I am wondering exactly what it takes to register one's goats..? Is it akin to the AKC rules? or can you register Nigi-Pygs that have no breeding papers? If you do not have papers, how can tell if your goats are pure or half breeds?  LOTS of questions on this, I am trying to limit, but still get the most info back as possible.


----------



## 4hmama (Jan 8, 2011)

There are several different registries - ADGA & AGS are a place to start.  I know that there are some mini-goat registries that register things like mini-nubians, mini-lamanchas, etc., but you would just have to look for that info.  Usually, if the parents aren't registered, the offspring can't be.  However, there is some information out there about registering goats that conform to certain standards.  I would start by looking at the mini registries.  Personally, I would be surprised if you could register a pygmy/nigi, but I don't know.  I hope you can find the info that you are loooking for.  Good luck!


----------



## lilhill (Jan 8, 2011)

Here's a link to a registry for miniature goats not eligible to be registered with ADGA or AGS.  

http://www.nmga.net/


----------



## rebelINny (Jan 8, 2011)

The mini goat registries are The Miniature Goat Registry and Miniature Dairy Goat Association. You can register a goat that 50% one breed and 50% another breed Experimental. You can also register a mutt goat with IDGR and then breed to a registerd purebred buck to breed them up. Good luck.


----------



## julieq (Jan 8, 2011)

We're new members of Miniature Dairy Goat Association as we own one mini togg.  I was just reading their literature earlier and you can register a grade goat with them.


----------



## Livinwright Farm (Jan 9, 2011)

Thanks for the great info everyone!  We are looking into the IDGR... Unfortunately we might not be able to register our current does... But their new kids should be able to be.


----------



## chandasue (Jan 19, 2011)

Has anyone had issues with NMGA or MDGA? I just want to pick one when the time comes and wondering if there's reason to have a preference for one over the other?


----------



## helmstead (Jan 19, 2011)

NMGA isn't for standardxnigerian/pygmy goats...it's for miniature goats.
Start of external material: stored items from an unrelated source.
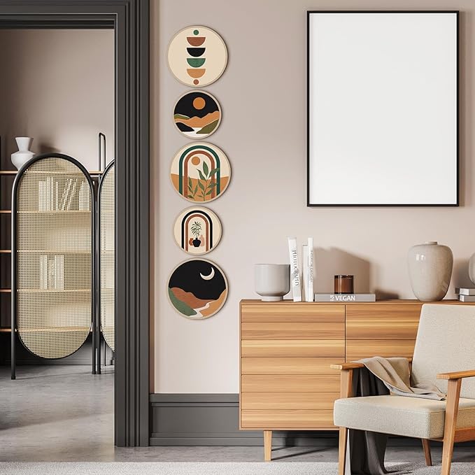 - Proper Size for Display: there are 2 kinds of sizes of the aesthetic wall art, 3 bigger ones measure about 10 inches/ 25 cm in diameter, and 2 smaller ones are about 8 inches/ 20 cm in diameter, all of them are about 0.2 inch/ 0.5 cm in thickness, proper size to catch people's attention
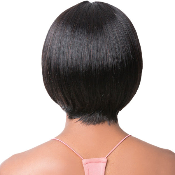 It's a Wig 100% Brazilian Human Hair Swiss Lace Front Wig HH WIDE T PART S LACE MIMI COLOR SHOWN ON MODEL: 1B MATERIAL: 100% Brazilian Human Hair TYPE: Lace Front Wig LENGTH: Short HEAT SAFE: Yes DESCRIPTION:
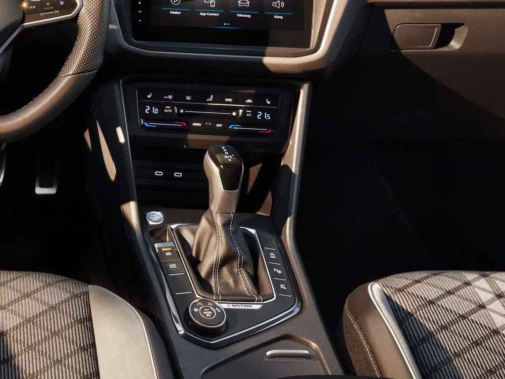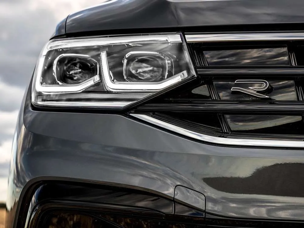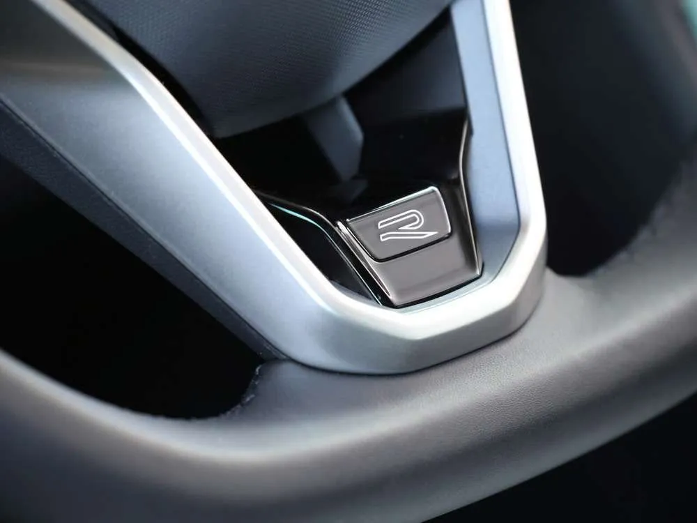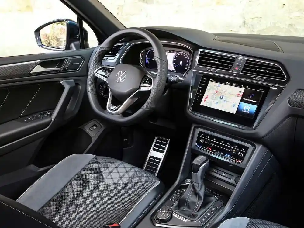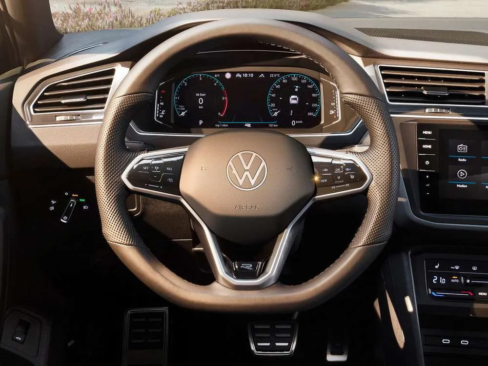 - Многофункциональное кожаное рулевое колесо R-Line, с сенсорными кнопками и подрулевыми переключателями

I've been an NMGA member for years and register my grade Nigerians through them.

MDGA/TMGR is for standard x nigerian goats, such as Mini Nubians, etc.

I'm a MDGA member and am happy enough with their assoc.


----------



## chandasue (Jan 19, 2011)

Thanks Helmstead-- I should have said that I'll be looking to register mini manchas.


----------



## helmstead (Jan 19, 2011)

Okay, the MDGA and TMGR are your registries.    I have only registered 4 mini Nubians at this point, but the service with MDGA was fast and efficient...which is big with me!  The good news is MDGA registered animals are automatically eligible for TMGR.


----------



## chandasue (Jan 19, 2011)

Great! Thanks for pointing me in the right direction.


----------